Reliability and Construct Validity of a Mobile Application for the Finger Tapping Test Evaluation in People with Multiple Sclerosis

Affiliations

Reliability and Construct Validity of a Mobile Application for the Finger Tapping Test Evaluation in People with Multiple Sclerosis

Víctor Navarro-López et al. Brain Sci. .

Abstract

The finger tapping test (FTT) is a tool to evaluate the motor performance of the hand and fingers and eye-hand coordination with applicability in people with multiple sclerosis (pwMS). The aim of this study was to evaluate the intra- and inter-rater reliability of the TappingPro® mobile app and the construct validity between this app and validated clinical scales for motor performance in healthy subjects and pwMS. 42 healthy subjects (mean age 25.05) and 13 pwMS (mean age 51.69, EDSS between 3 and 7.5E) participated. FTT was performed with the TappingPro® mobile app. All participants were examined twice, with a one-week interval between the two appointments. For the analysis of construct validity, the Jamar® hydraulic hand dynamometer, Box and Blocks Test (BBT), and Nine Hole Peg Test (NHPT) were used. The intra-rater reliability showed a good correlation (Intraclass Correlation Coefficient, ICC > 0.787) for both upper limbs and both times of FTT for healthy subjects, and an excellent correlation (ICC > 0.956) for upper limbs and both times of FTT for pwMS. The ICC for the inter-rater reliability was good (ICC = 0.869) for the non-dominant upper limb in the FTT 10 s of the healthy subjects, and excellent (ICC > 0.904) for all the other measurements of the healthy subjects and pwMS. However, the Bland-Altman plots showed disagreement between observers and measurements that should be considered in the interpretation of clinical evaluations.
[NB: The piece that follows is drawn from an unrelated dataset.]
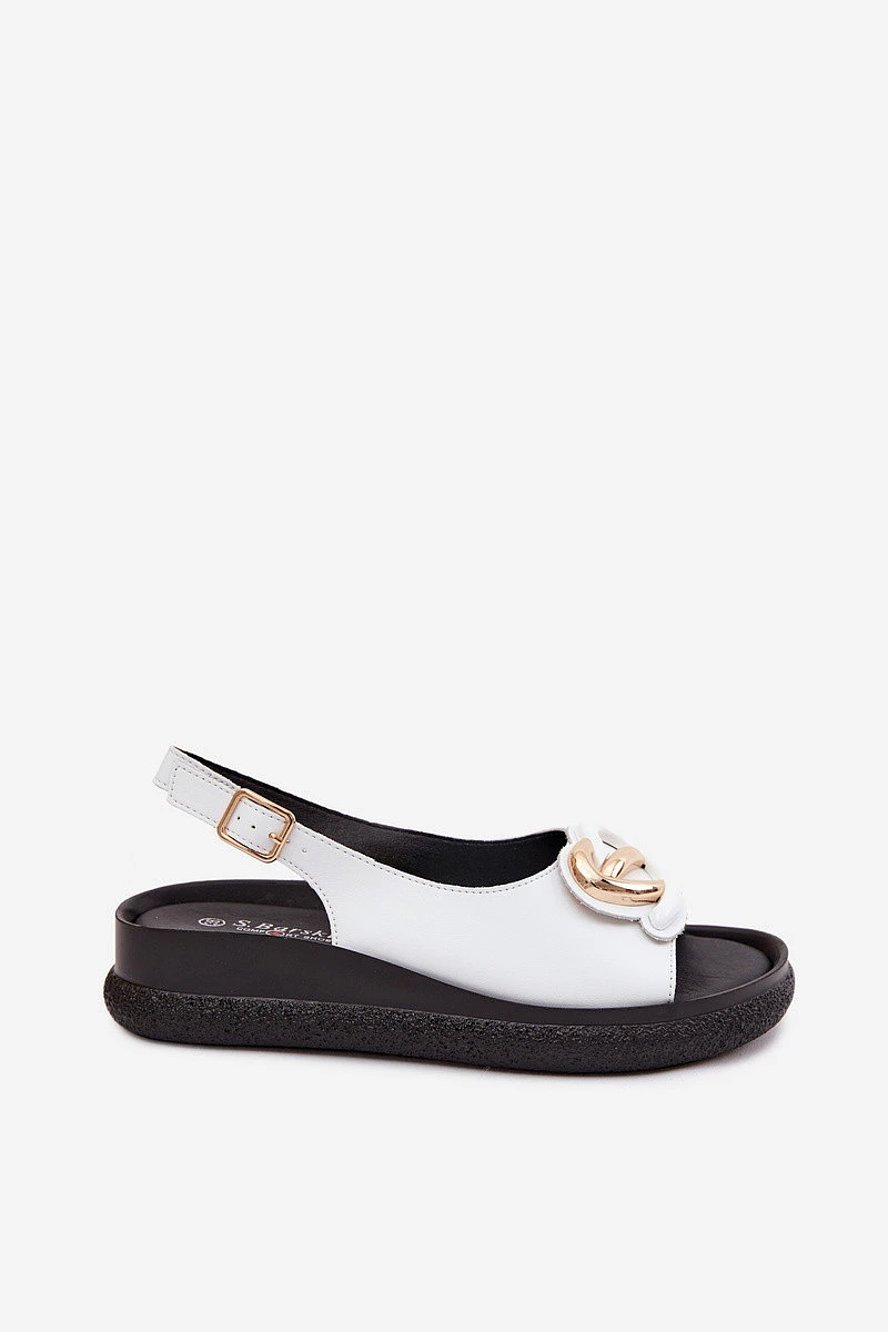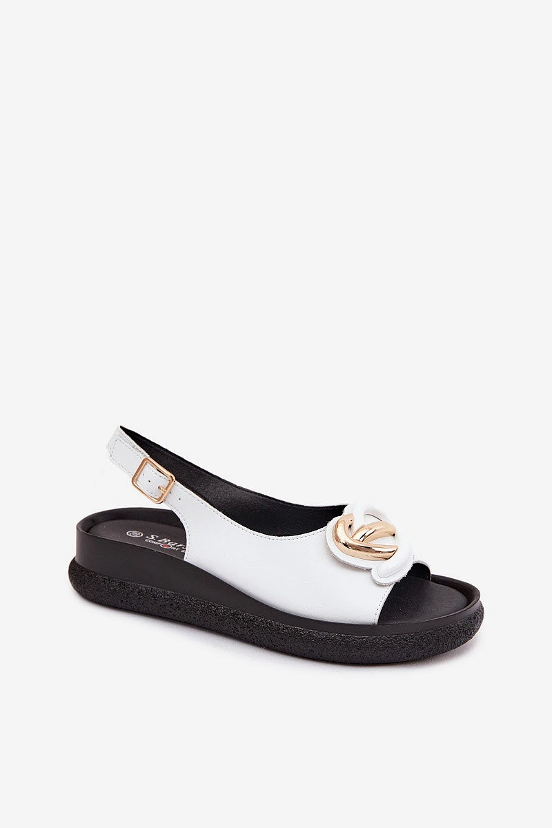 Kožené sandály na platformě s ozdobou model 22133571 Bílé - S.Barski

The correlation analysis for healthy subjects showed poor associations between all variables, except for the association between hand grip strength and the FTT 60 s in the non-dominant upper limb, which had a moderate coefficient. For pwMS, there were moderate to excellent associations between BBT and the NHPT and FTT for both upper limbs. The correlations between hand grip strength and FFT were poor. This mobile app could be a useful and low-cost assessment tool in pwMS, allowing a simple evaluation and follow-up that has excellent correlation with clinical scales validated in this pathology.

Keywords: finger tapping test; mobile applications; multiple sclerosis; neurologic examination; upper extremity.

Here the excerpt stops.